## Problem:
When you reach the line with "クレイで一つ一つ手作りした桜" in the data below, begin printing lines exactly, and stop once the line with "C'est la vie, citazione" has been printed.

## Available data:
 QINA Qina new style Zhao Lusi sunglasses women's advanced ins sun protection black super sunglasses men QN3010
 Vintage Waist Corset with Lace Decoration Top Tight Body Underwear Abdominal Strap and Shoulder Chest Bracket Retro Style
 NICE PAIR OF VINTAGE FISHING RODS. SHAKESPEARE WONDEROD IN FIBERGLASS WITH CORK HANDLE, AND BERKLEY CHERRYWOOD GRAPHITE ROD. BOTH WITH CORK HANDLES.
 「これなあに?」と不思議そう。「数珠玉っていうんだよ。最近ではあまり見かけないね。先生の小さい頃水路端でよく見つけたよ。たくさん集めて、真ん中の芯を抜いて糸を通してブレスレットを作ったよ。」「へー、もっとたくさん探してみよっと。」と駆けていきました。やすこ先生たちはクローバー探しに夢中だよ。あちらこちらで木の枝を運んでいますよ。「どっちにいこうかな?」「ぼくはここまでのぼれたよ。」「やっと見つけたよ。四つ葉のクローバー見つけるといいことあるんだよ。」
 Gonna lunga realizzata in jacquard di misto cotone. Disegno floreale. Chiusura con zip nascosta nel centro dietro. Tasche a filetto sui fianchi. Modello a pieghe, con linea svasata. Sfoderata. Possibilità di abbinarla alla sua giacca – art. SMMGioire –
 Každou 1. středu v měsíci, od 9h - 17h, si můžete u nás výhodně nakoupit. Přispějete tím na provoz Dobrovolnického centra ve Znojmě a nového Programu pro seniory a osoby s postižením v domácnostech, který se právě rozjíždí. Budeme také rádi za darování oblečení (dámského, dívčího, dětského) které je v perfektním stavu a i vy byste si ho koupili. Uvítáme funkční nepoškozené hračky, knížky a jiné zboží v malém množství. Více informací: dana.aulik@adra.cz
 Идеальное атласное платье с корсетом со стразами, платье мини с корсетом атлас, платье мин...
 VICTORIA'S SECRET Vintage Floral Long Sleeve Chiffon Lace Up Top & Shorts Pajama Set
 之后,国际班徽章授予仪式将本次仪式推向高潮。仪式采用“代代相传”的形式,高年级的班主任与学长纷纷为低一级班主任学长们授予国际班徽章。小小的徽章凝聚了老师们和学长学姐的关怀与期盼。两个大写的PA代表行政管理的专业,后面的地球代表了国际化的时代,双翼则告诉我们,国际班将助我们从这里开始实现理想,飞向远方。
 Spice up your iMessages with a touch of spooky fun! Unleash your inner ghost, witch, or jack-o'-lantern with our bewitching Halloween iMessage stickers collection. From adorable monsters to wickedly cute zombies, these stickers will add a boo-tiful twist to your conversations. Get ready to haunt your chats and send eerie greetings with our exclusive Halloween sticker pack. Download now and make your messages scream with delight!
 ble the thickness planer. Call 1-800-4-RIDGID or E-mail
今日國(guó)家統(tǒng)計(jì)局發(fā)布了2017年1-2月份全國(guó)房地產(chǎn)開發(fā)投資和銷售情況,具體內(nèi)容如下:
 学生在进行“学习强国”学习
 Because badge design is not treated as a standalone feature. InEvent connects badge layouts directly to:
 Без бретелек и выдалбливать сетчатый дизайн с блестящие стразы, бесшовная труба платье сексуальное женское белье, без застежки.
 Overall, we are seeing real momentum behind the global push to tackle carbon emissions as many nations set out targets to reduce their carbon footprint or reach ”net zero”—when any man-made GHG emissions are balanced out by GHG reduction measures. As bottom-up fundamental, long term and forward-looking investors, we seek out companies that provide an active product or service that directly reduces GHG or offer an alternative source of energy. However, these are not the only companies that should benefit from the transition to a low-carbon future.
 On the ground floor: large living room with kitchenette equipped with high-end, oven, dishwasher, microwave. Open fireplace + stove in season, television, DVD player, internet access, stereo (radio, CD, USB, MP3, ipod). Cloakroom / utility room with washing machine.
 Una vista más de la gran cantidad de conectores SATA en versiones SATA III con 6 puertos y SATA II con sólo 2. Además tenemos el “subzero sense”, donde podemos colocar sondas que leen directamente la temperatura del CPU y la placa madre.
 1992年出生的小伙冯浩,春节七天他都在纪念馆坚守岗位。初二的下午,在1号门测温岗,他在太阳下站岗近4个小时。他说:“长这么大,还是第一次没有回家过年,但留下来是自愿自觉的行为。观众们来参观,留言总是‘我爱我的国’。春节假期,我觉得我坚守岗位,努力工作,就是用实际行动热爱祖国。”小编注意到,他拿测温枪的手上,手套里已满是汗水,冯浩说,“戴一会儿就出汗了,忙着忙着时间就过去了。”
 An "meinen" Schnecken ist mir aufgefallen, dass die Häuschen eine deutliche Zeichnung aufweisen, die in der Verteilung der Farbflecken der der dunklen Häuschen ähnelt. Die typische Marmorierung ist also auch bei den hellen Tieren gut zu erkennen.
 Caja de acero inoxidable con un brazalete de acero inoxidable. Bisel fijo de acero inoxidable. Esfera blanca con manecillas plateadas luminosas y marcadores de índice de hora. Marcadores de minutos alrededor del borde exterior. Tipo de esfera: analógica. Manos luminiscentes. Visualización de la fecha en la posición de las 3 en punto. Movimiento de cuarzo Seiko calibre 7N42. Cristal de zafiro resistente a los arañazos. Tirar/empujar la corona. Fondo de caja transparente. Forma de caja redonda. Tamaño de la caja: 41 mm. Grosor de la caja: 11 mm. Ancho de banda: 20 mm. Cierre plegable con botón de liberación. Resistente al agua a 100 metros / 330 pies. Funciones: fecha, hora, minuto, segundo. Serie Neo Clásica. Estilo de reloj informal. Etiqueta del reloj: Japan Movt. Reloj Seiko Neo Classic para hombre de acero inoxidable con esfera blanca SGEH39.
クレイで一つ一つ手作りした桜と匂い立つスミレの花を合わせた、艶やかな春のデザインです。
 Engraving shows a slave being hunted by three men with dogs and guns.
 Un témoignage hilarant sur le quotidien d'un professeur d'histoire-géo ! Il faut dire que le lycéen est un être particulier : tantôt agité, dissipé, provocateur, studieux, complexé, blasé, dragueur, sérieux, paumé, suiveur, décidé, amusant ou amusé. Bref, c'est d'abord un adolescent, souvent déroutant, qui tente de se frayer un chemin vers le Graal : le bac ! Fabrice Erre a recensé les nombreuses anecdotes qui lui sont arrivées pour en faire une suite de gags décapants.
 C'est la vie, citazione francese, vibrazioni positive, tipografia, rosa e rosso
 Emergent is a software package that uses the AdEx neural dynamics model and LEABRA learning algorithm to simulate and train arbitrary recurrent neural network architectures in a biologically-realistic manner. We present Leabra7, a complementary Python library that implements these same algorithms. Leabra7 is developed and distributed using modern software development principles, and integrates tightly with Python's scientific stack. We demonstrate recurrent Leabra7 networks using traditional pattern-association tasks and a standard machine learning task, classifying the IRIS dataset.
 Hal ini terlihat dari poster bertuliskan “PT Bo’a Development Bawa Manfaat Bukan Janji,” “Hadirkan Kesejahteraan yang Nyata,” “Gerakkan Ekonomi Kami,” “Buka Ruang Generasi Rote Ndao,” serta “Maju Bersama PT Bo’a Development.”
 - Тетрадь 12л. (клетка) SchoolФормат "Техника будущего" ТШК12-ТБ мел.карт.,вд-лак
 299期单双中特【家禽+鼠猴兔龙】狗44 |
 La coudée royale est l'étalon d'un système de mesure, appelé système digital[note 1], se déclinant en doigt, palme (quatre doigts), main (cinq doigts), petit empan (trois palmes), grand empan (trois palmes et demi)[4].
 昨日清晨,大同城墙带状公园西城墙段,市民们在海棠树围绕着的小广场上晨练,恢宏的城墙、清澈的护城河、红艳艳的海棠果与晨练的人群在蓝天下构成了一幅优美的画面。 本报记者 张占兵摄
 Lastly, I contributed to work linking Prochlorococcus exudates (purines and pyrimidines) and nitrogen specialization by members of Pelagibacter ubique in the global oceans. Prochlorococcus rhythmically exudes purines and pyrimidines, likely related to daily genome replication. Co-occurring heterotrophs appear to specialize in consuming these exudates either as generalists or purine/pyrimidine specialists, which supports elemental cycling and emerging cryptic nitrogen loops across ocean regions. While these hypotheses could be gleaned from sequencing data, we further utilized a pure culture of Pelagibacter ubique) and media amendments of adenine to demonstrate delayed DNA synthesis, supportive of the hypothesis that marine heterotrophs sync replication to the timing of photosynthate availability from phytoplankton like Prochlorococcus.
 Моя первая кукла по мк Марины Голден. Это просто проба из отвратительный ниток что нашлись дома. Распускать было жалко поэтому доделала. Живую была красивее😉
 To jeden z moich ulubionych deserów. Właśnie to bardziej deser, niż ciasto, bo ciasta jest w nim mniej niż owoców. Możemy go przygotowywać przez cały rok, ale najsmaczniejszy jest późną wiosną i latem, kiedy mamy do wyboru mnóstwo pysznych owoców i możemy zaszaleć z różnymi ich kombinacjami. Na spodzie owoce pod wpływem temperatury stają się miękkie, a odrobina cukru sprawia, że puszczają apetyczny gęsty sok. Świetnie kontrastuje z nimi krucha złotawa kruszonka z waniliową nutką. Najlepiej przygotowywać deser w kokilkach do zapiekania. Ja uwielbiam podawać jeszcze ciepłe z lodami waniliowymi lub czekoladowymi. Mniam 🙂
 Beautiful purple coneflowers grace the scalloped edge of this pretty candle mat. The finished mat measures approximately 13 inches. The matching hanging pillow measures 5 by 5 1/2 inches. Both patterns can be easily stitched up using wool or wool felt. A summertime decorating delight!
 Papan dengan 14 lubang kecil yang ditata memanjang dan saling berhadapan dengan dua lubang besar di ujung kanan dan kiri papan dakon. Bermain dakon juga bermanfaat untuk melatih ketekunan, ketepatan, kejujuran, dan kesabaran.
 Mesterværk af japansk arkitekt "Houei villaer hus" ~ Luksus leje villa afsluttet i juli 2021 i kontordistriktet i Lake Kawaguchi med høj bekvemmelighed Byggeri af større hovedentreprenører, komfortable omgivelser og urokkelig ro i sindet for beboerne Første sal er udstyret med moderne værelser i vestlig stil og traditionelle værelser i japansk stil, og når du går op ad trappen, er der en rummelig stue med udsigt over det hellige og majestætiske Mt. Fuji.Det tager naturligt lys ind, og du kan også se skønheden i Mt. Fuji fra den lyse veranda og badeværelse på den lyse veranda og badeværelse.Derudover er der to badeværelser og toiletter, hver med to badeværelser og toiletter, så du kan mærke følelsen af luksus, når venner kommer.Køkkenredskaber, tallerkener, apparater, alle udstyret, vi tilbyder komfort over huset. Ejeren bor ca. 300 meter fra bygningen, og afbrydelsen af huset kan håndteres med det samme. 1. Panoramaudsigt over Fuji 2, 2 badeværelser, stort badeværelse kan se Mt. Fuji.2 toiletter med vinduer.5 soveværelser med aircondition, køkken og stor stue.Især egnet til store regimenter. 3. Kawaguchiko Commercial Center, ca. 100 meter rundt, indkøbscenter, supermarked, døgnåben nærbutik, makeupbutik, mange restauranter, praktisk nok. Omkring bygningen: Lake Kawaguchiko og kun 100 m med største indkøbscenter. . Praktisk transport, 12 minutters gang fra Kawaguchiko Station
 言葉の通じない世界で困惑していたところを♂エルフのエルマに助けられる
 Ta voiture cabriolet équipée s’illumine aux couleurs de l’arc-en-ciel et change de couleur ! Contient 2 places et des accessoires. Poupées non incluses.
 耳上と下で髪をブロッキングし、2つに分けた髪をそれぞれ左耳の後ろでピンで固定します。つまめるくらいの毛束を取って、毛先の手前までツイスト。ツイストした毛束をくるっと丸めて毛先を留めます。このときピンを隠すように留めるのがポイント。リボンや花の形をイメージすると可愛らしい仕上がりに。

## Response area:
クレイで一つ一つ手作りした桜と匂い立つスミレの花を合わせた、艶やかな春のデザインです。
 Engraving shows a slave being hunted by three men with dogs and guns.
 Un témoignage hilarant sur le quotidien d'un professeur d'histoire-géo ! Il faut dire que le lycéen est un être particulier : tantôt agité, dissipé, provocateur, studieux, complexé, blasé, dragueur, sérieux, paumé, suiveur, décidé, amusant ou amusé. Bref, c'est d'abord un adolescent, souvent déroutant, qui tente de se frayer un chemin vers le Graal : le bac ! Fabrice Erre a recensé les nombreuses anecdotes qui lui sont arrivées pour en faire une suite de gags décapants.
 C'est la vie, citazione francese, vibrazioni positive, tipografia, rosa e rosso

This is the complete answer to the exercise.